Scorrono d’altra parte nell’intrigante sezione intitolata al Simbolismo livornese, oltre agli illustri nominativi di Romiti, Natali e Razzaguta, identità assai meno conclamate e, solo apparentemente, minori rispetto al gotha della pittura labronica finora tradizionalmente celebrata, basti pensare a Gabriele Gabrielli e Mario Pieri-Nerli, i due outsider del Caffè Bardi precocemente scomparsi, diversamente intenti alla trascrizione di luttuose allegorie, ma anche quel Raoul Dal Molin Ferenzona, eccentrico e cosmopolita pendolare tra Firenze e Livorno, che già all’alba del Novecento diventa tramite e garanzia della lievitazione sul nostro territorio di un gusto internazionale, vibrante di mode occultistiche e informato delle dilaganti teorie rosacrociane.

Senza contare la presenza eccezionale di una coltissima xilografa labronica, formatasi non a caso nell’orbita ferenzoniana, quella Irma Pavone Grotta che, grazie anche alla lezione di Luigi Servolini e alla proiezione verso certi capisaldi della grafica internazionale, in primis Félix Bracquemond, traduceva in aggiornate e convincenti prove xilografiche pulsioni misteriosofiche e fermenti esoterici metabolizzati in ambito cittadino.

Ma soprattutto domina, nell’inedito percorso dedicato al Simbolismo livornese, l’amico fraterno di Doudelet, quel Benvenuto Benvenuti che, residente nel villino antignanese contiguo alla leggendaria villa Medusa abitata dall’artista belga, doveva stringere con quest’ultimo un sodalizio quasi sacerdotale, scandito da occasioni di eccezionale potenziale storiografico: in primis la monografia Ciò che penso dell’arte di Benvenuto Benvenuti, pubblicato a cura delle Arti Grafiche S. Belforte & C. di Livorno 1923, il cui manoscritto, datato Roma, 25 gennaio 1923, fu ristampato in facsimile nel 1946: si tratta della rarità bibliografica Ce que je pense de l’art de Benvenuto Benvenuti (Édition publiée à Lucques dans l’imprimerie A. Lippi, sous la protection de l’Epée de l’Archange S.T Michel, Édition numérotée de 104 exemplaires, 1946), esposta nell’attuale mostra.

Sorta di profilo storico-critico concepito nei termini di una dichiarazione di estetica misteriosofica, questo caposaldo editoriale accompagna emblematicamente la valorizzazione e la storicizzazione del nucleo di progetti architettonici concepiti da Benvenuti tra il 1906 e il 1911, riflessioni cosmogoniche sulla Città del Sogno, tessute su eleganti e aggiornate suggestioni Art Nouveau, ma motivate da istanze esoteriche in linea con le tendenze dell’architettura visionaria internazionale.
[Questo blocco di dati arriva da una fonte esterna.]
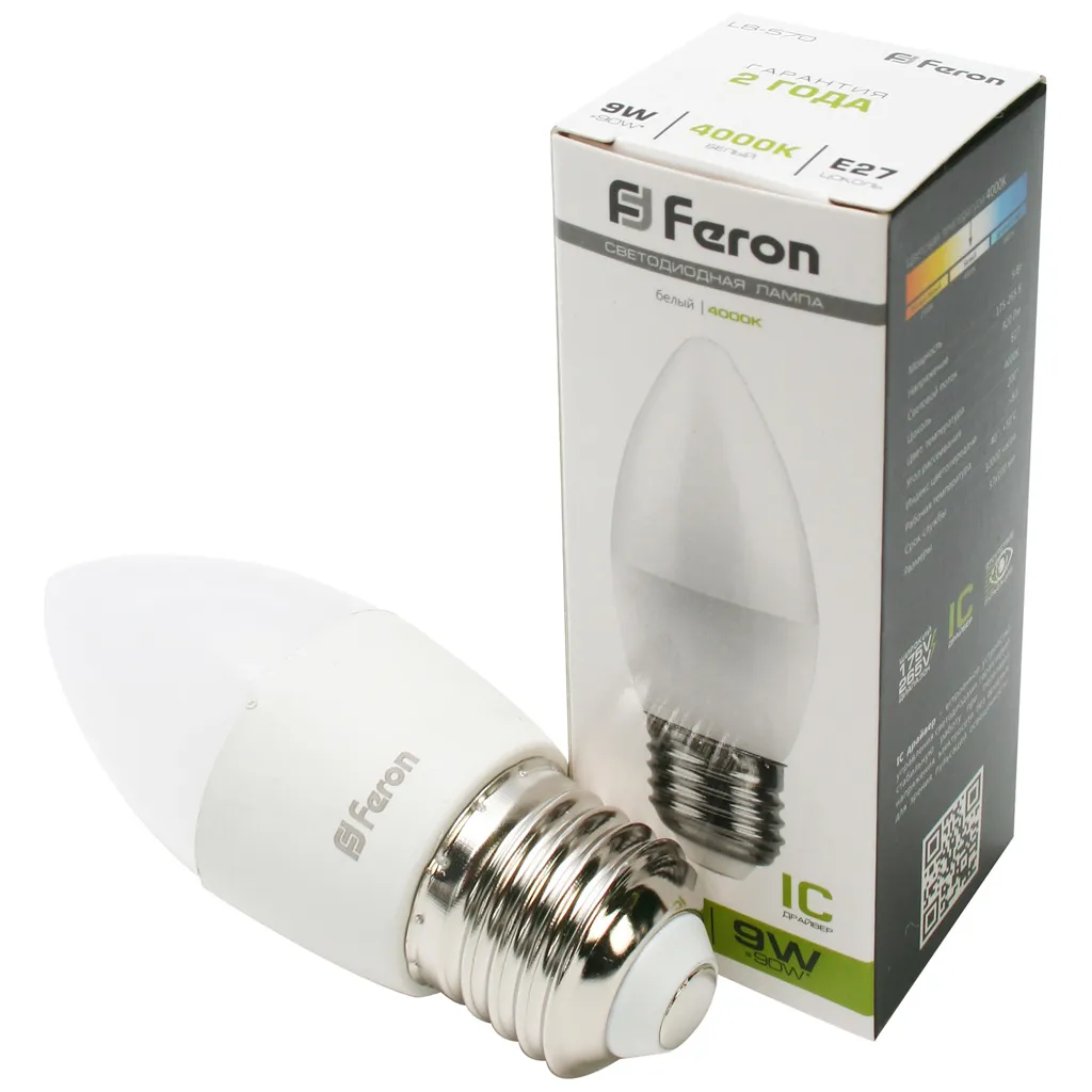 Лампа светодиодная Feron, свеча, 9Вт, Е27, 4000К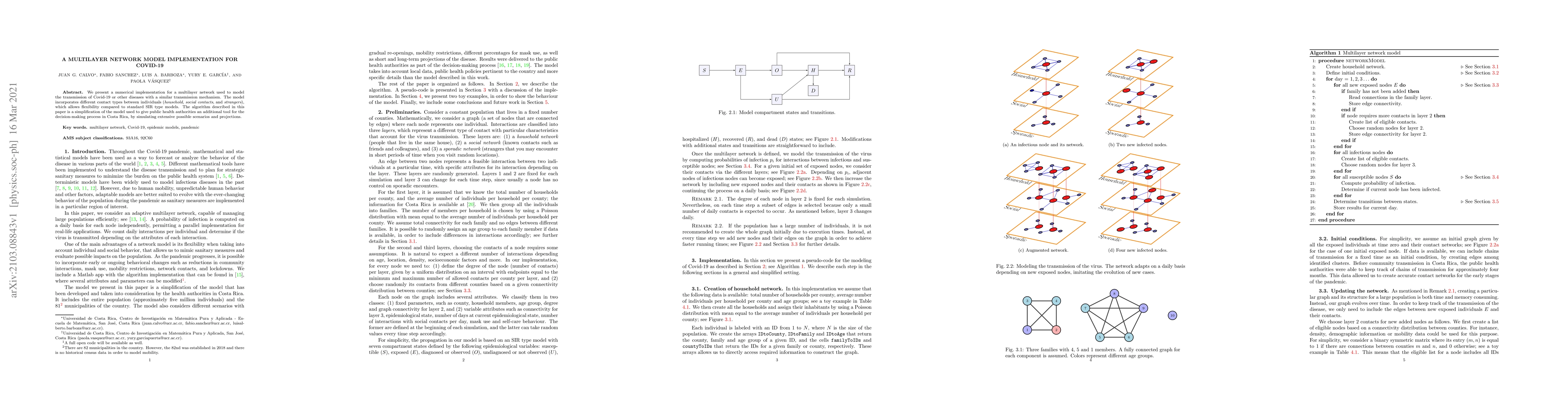 We present a numerical implementation for a multilayer network used to model the transmission of Covid-19 or other diseases with a similar transmission mechanism. The model incorporates different contact types between individuals (household, social contacts, and strangers), which allows flexibility compared to standard SIR type models. The algorithm described in this paper is a simplification of the model used to give public health authorities an additional tool for the decision-making process in Costa Rica, by simulating extensive possible scenarios and projections.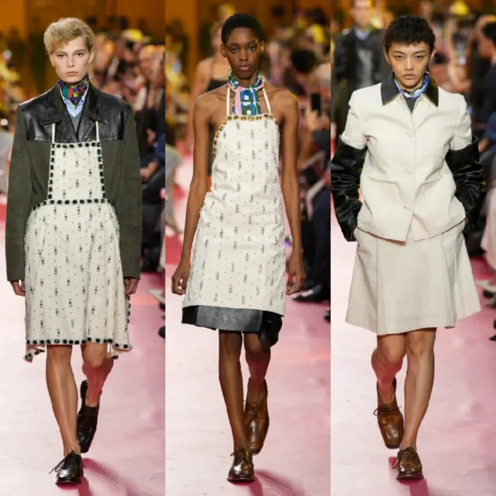 Miu Miu a pus șorțul în centrul colecției SS26 ca simbol al muncii casnice și al muncii feminine – fie în fabrici, fie în bucătării – dar reinterpretat ca element de modă, cu valoare estetică și conceptuală.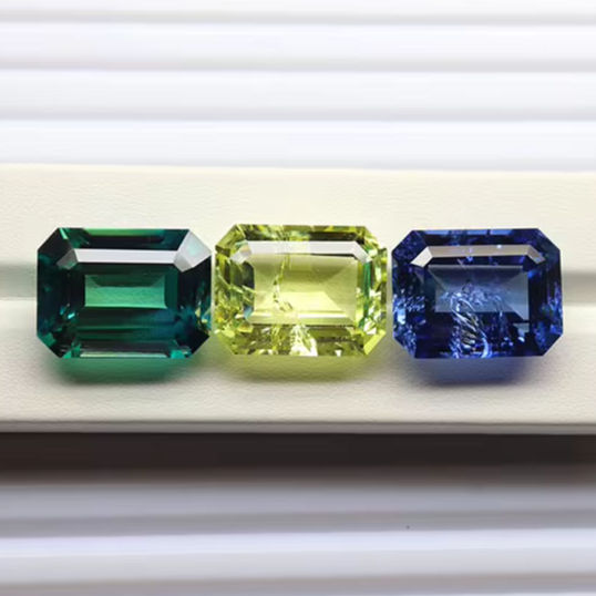 Lab Grown Stones Blue Sapphire Yellow Sapphire Green Sapphire Gemstone 10x8mm - 20x15mm Emerald Cut At Wholesale Price

Parallelamente al percorso espositivo è stata predisposta una sezione documentaria ricca di novità e di suggestioni, oltre che di preziose rarità bibliografiche; basti pensare all’introvabile esemplare della monografia di Charles Doudelet a firma di Ermanno Viezzoli (Trieste, Tipografia Moderna S.A., 1944), conservata presso Fondazione Livorno (Donazione Famiglia Argentieri); così come all’esplosivo Polpettone di Gastone Razzaguta (Archivio Razzaguta), florilegio inedito di trascrizioni dai testi più famosi delle religioni antiche e moderne, la cui data post quem potrebbe rinvenirsi nella citazione tratta dalla serie dei fascicoli di “UR” (1927-1928), diretta da Julius Evola; o, ancora, alla raffinata edizione de La Cerchia Paradisiaca. Celebrazione di Lucca, Orazione tenuta alla cittadinanza nel salone del Palazzo Guinigi l’11 Decembre 1921, l’anno del VI centenario di Dante di Aleardo Kutufà D’Atene (In Lucca, presso la Coop. Tip. Edit. Lucchese, A.D. MCMXXII), testimonianza pressoché inedita del sodalizio instaurato dall’autore con Raoul Dal Molin Ferenzona.

Collateralmente alla mostra, la Pinacoteca Comunale Carlo Servolini lancia un Calendario Autunnale dal titolo “Oltre il velo di Iside”, promosso dal Comune di Collesalvetti, ideato e curato da Francesca Cagianelli, dedicato alle problematiche della circuitazione dell’esoterismo tra la Toscana e l’Europa, denso di sorprese e di rivelazioni.